INSTRUCTIONS FOR THE TASK >>
Starting at the line that contains "oto방송 김민석 기자" and stopping at the line that contains "1/16 理科 電気と私たちの生活", transcribe every line of the material below exactly; pictures stay out.

RECORD SET >>

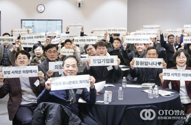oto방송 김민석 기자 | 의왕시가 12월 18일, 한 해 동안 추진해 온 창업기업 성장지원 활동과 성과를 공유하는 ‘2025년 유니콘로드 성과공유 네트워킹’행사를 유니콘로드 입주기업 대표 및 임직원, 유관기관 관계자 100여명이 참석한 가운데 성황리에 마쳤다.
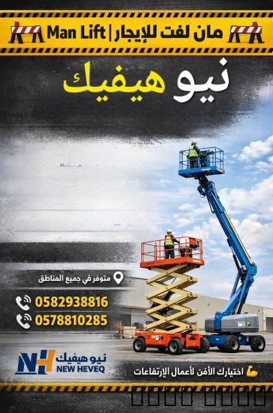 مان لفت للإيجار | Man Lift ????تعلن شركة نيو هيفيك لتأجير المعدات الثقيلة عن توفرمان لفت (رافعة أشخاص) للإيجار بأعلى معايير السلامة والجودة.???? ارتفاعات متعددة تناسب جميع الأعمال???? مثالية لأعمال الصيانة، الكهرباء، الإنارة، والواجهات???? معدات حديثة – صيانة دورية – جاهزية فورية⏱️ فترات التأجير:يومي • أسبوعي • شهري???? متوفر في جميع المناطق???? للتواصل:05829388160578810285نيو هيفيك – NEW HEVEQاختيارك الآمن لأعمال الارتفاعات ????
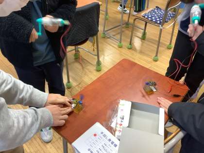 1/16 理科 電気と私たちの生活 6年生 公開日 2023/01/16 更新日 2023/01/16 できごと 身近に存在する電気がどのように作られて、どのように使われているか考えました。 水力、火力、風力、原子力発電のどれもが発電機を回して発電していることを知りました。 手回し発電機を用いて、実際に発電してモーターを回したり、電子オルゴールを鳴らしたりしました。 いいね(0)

--

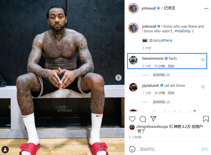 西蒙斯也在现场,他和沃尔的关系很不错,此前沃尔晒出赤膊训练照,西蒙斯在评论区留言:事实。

RESULT FOR THIS TASK >>
oto방송 김민석 기자 | 의왕시가 12월 18일, 한 해 동안 추진해 온 창업기업 성장지원 활동과 성과를 공유하는 ‘2025년 유니콘로드 성과공유 네트워킹’행사를 유니콘로드 입주기업 대표 및 임직원, 유관기관 관계자 100여명이 참석한 가운데 성황리에 마쳤다.
 مان لفت للإيجار | Man Lift ????تعلن شركة نيو هيفيك لتأجير المعدات الثقيلة عن توفرمان لفت (رافعة أشخاص) للإيجار بأعلى معايير السلامة والجودة.???? ارتفاعات متعددة تناسب جميع الأعمال???? مثالية لأعمال الصيانة، الكهرباء، الإنارة، والواجهات???? معدات حديثة – صيانة دورية – جاهزية فورية⏱️ فترات التأجير:يومي • أسبوعي • شهري???? متوفر في جميع المناطق???? للتواصل:05829388160578810285نيو هيفيك – NEW HEVEQاختيارك الآمن لأعمال الارتفاعات ????
 1/16 理科 電気と私たちの生活 6年生 公開日 2023/01/16 更新日 2023/01/16 できごと 身近に存在する電気がどのように作られて、どのように使われているか考えました。 水力、火力、風力、原子力発電のどれもが発電機を回して発電していることを知りました。 手回し発電機を用いて、実際に発電してモーターを回したり、電子オルゴールを鳴らしたりしました。 いいね(0)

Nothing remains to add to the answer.